Monday, April 7, 2014

Big Data Done Wrong?

An Op-Ed piece in today's New York Times by Gary Marcus and Ernest Davis present Who's Bigger as the seventh of eight (or nine) problems with Big Data, specifically "giving scientific-sounding solutions to hopelessly imprecise questions".  They acknowledge that we get many things right, but complain about "egregious errors".

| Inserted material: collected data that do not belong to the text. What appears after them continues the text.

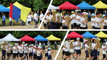 天気も良く、色リーダーを先頭に、金管バンドの演奏と行進で入場し開会式を行いました。児童生徒代表、学校長、PTA会長、審判長のお話をしっかり聞いた後、準備体操をしました。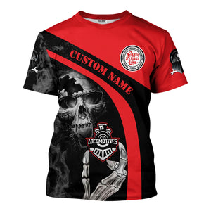 Railspirit Personalized Atlantic Coast Line Railroad T-Shirt Flame Skull Design Train Shirt for Locomotive Fans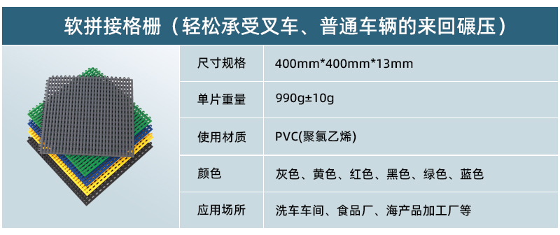 正和軟拼接格柵(專利號ZL201520725751.X)由加厚型實心條狀支撐縱橫交織,寬大的排水孔便于水和泥沙的排出和流動。下方密布數(shù)百個實心防滑支撐點,每平米承重高達10噸以上,輕松承受叉車、普通車輛的來回碾壓,特別適合在洗車車間、食品廠、海產(chǎn)品加工廠等有水地面,也可以作為企事業(yè)單位迎賓除塵墊使用。

But guys: given a 379 page book with thousands of rankings to pick from, your killer example is that we ranked Francis Scott Key at position 19 on the poets list?   If they don't have a complaint until position 19 on one of several dozens of tables in our book, well, we must be doing pretty darn good.

But their chosen example is illuminating, because it gets to the heart of what our rankings are and are not designed to do.  Our book carefully claims to measure "historical significance" or "meme strength", not "importance" as they insist on misrepresenting in the article.

So how historically durable will the Francis Scott Key meme be, say 100 years from now?   If there is still a United States stuck with the same national anthem (I'd take that bet), then we can be pretty certain the Marcus and Davis great-great-great-grandchildren will learn Key's words and the story behind his work.

"Oh say can you see?"  Only if you are willing to look at what data is actually trying to tell you.